It seemed that his earlier goodwill had not only failed to help, but had instead deepened Shisui's suspicion.

Faced with that reality, Kei no longer felt inclined to argue.

In psychology, there was a term for situations like this 'The Backfire Effect'.

Put simply: you cannot wake someone who is pretending to sleep, just as you cannot easily change a belief someone has already decided to protect.

Shisui appeared mature on the surface, but beneath that composure he was painfully young. His thinking had been thoroughly shaped, perhaps even captured, by the Third Hokage's Will of Fire. That kind of conditioning was not something that could be undone with a few conversations.

At the same time, the escalating tension between clan and village had begun to weigh heavily on him. The calmer he appeared outwardly, the more desperately he clung inwardly to any thread that might promise salvation.

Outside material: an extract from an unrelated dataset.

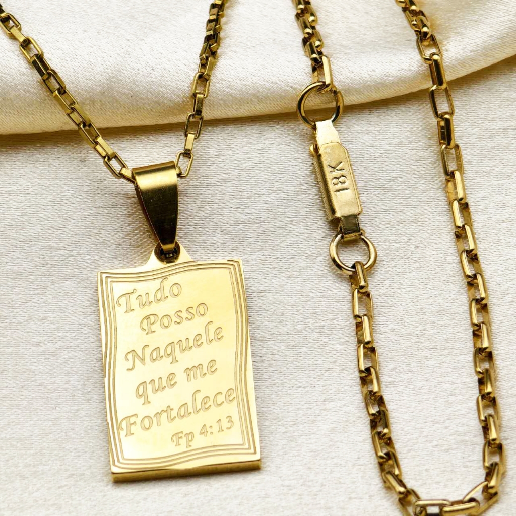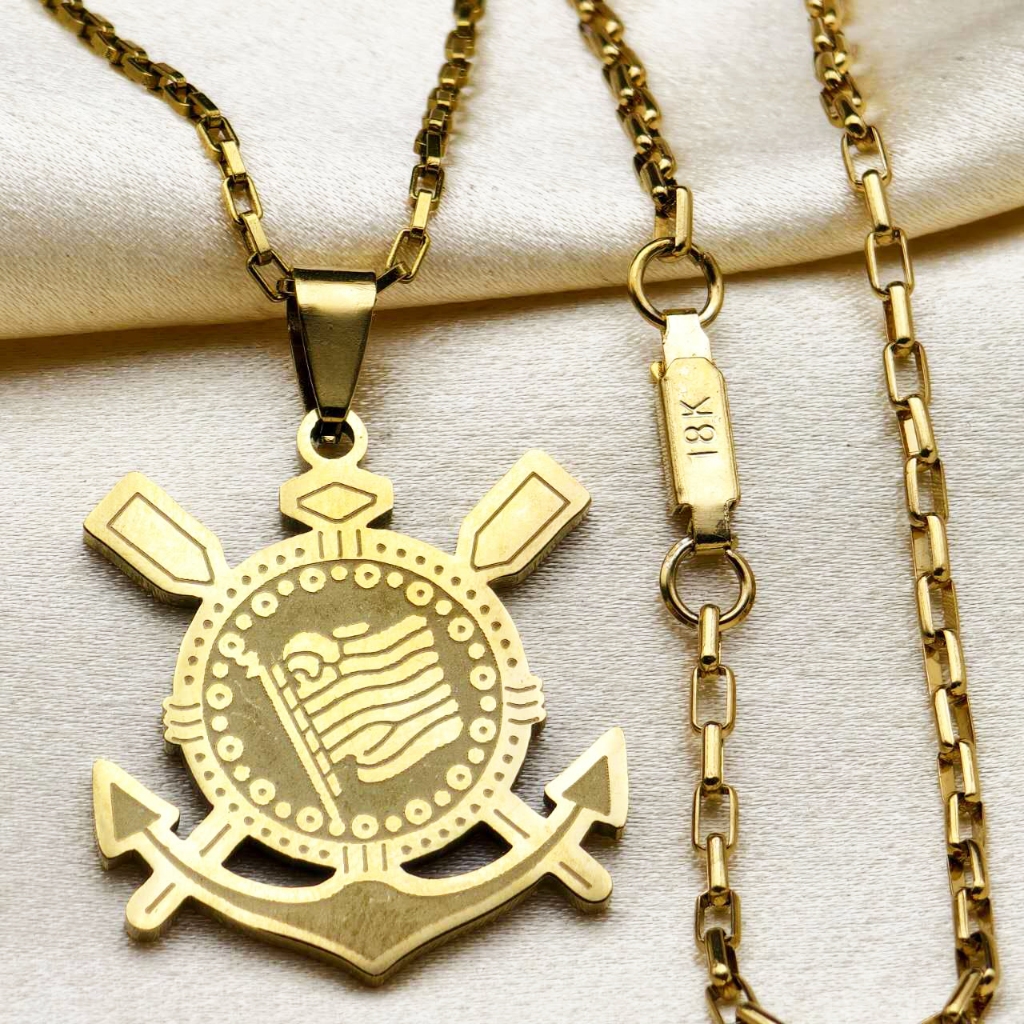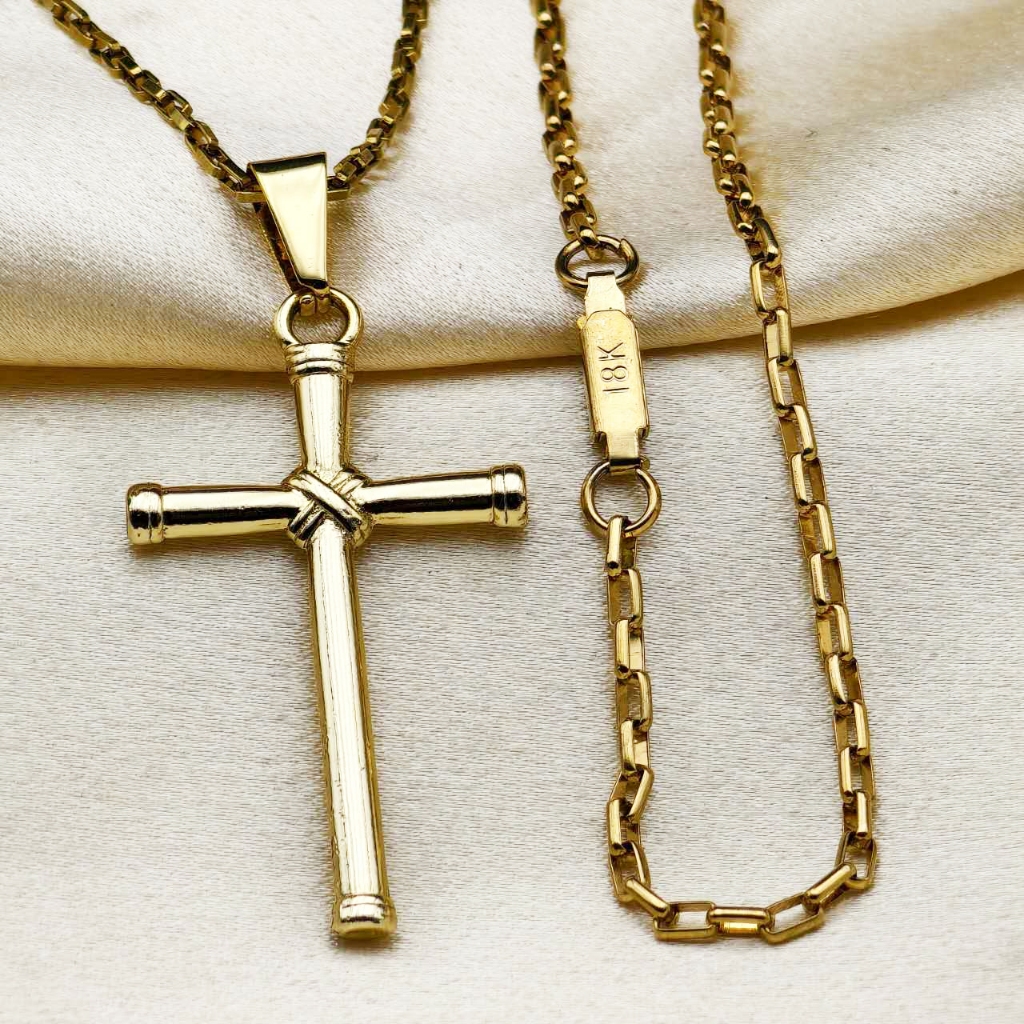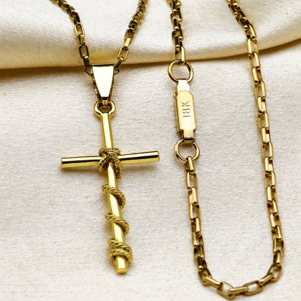 Kit Corrente Pulseira e Pingente homens mulheres Cruz Banhado a Ouro 18K com Detalhe em Moeda Antiga

That was why, after hearing Kei speak of inevitable collapse, he refused to let it go.

"I'll be back," Shisui said as Haru approached to escort him out.

He left on his own.

Once again, he had gained nothing.

Standing on a distant rooftop, Shisui stared at the clinic below. The more he replayed their exchanges in his mind, the more he realized that every time they spoke, he had somehow ended up reacting rather than leading. He had failed to extract useful information about the disappearances, and he had failed to obtain a convincing answer regarding the village's future.

His gaze shifted from the clinic to the nearby slum district.

Something about it began to settle uncomfortably in his thoughts.

The clinic was close to the slums, too close for what would normally be considered a good business location. Kei was blind. A shinobi who lost his sight and then became a psychologist.

Was his mind truly as stable as he appeared?

The image of Kei standing calmly in that alley overlapped, disturbingly, with the image of an unseen culprit.

There was no proof.

Only conjecture.

Yet the suspicion refused to loosen its grip.

"Could it be you?" he murmured.

The thought did not feel rational, but it felt persistent. If Kei truly was involved, then Shisui would have to uncover it himself.

...

Night fell.

After closing the clinic, Kei stepped outside.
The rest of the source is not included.